PHOTO: Heads emerging white and sterile with virtually no leaf injury at all.  Stems not killed, or heads would not emerge. Very specific temperature, only pollen and ovule affected.

PHOTO: completely frozen heads.

The findings: sharp sand knolls had more injury than lower areas with blacker soil (weird, eh?).  The drier the region was (some areas had received no rainfall for all of May) the more frost injury there was.

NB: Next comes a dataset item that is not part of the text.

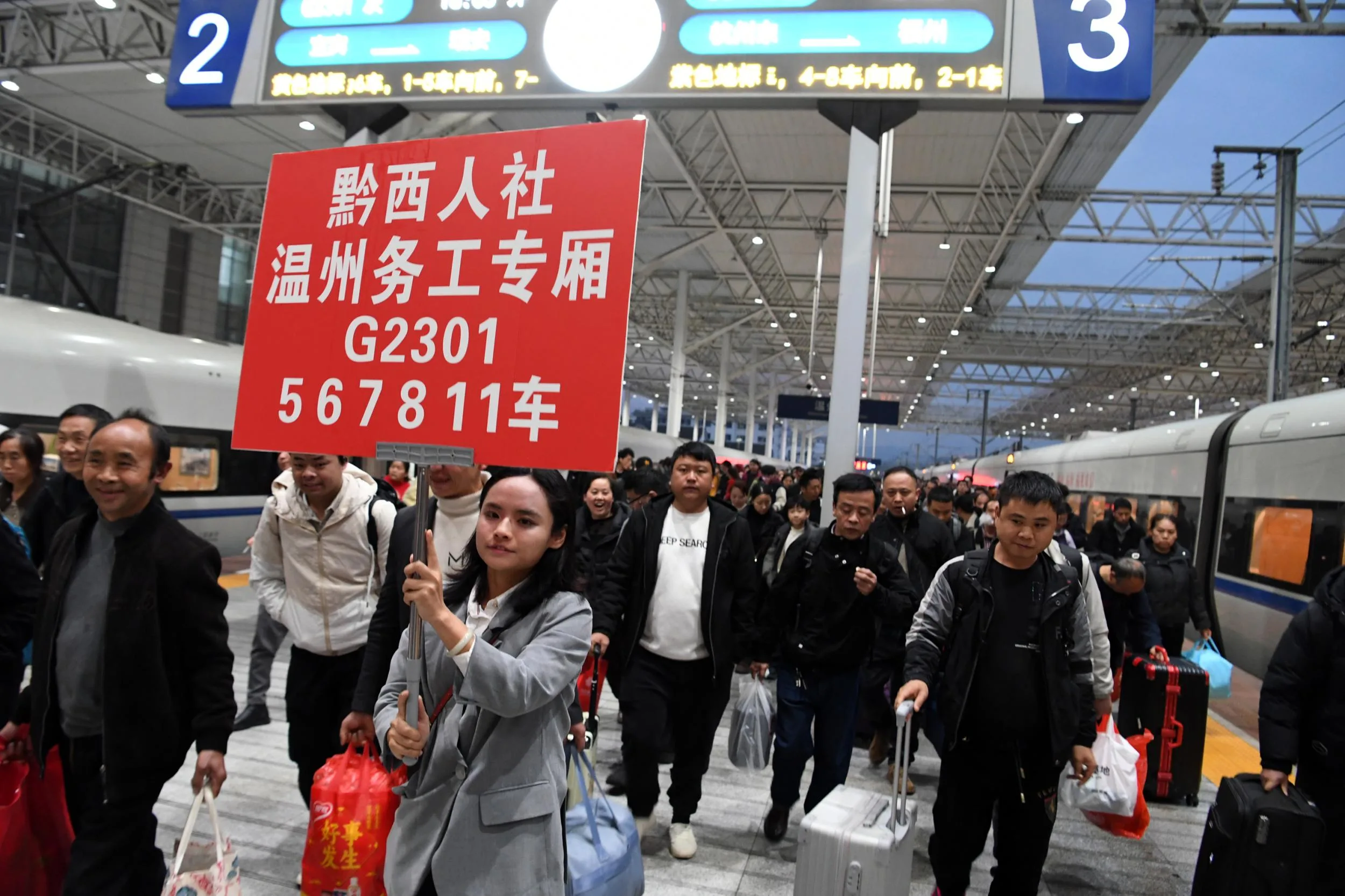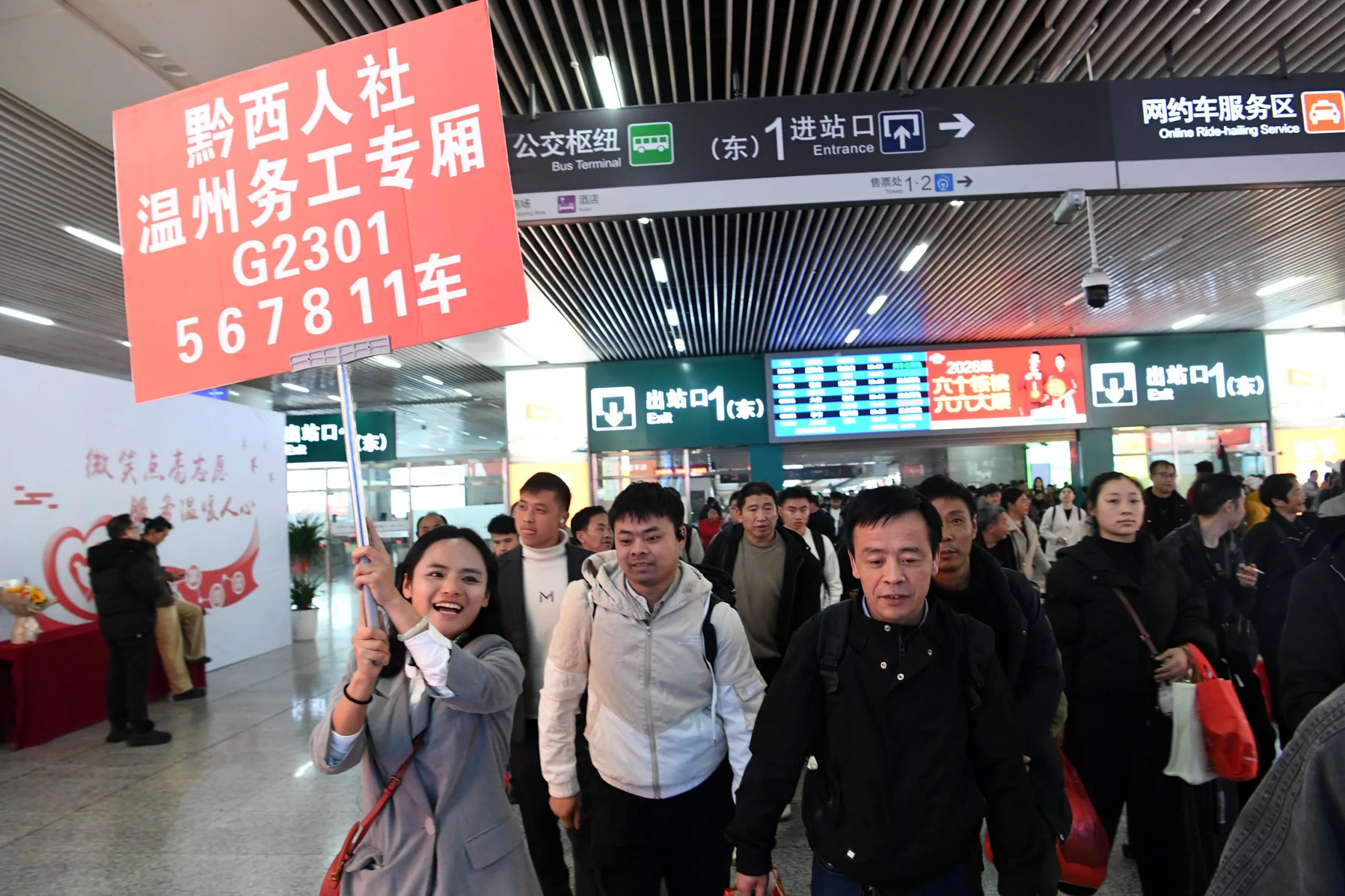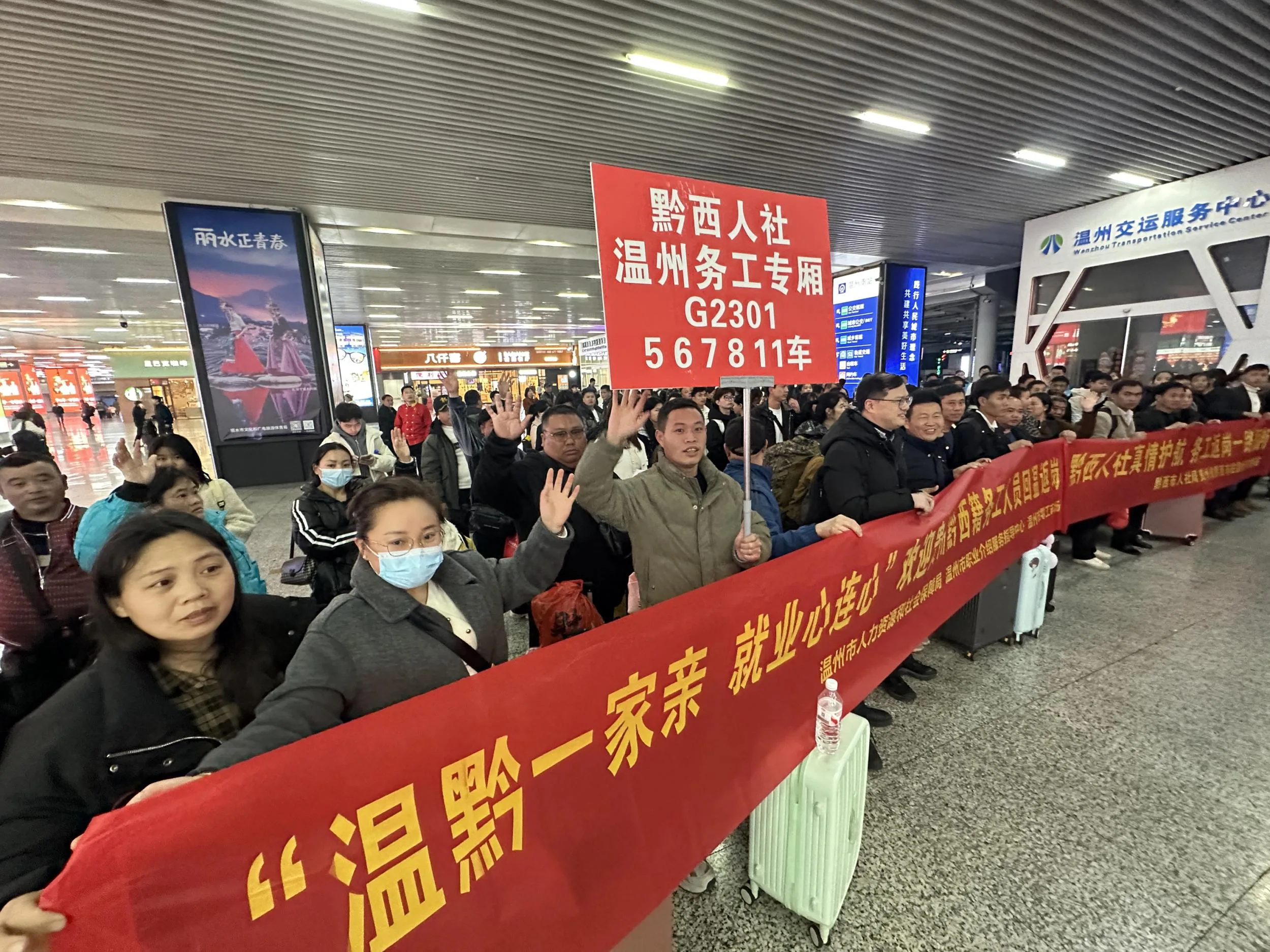 温州网讯 2月24日17点58分,载着贵州毕节市黔西市220名来温返岗人员的G2301准时驶进铁路温州南站。温州市人社局联合温州市零工市场的工作人员早已等候接站点,带着诚意与服务迎接远道而来的黔西老乡。

The earlier the wheat was planted, the more injury the frost caused (this makes sense: earlier planted wheat would be further advanced, and thus more susceptible to freeze injury).  There was little rhyme or reason to which head seemed to show injury in fields with sporadic heads, or which part of the head showed the injury: microclimates in the canopy, splitting of the boot, exact stage of the crop must all be involved.  Lots of “kinked” heads resulted, and although the most calls I received were about this, it has almost no yield impact. The other symptoms resulted in total yield loss of that part of the field/head.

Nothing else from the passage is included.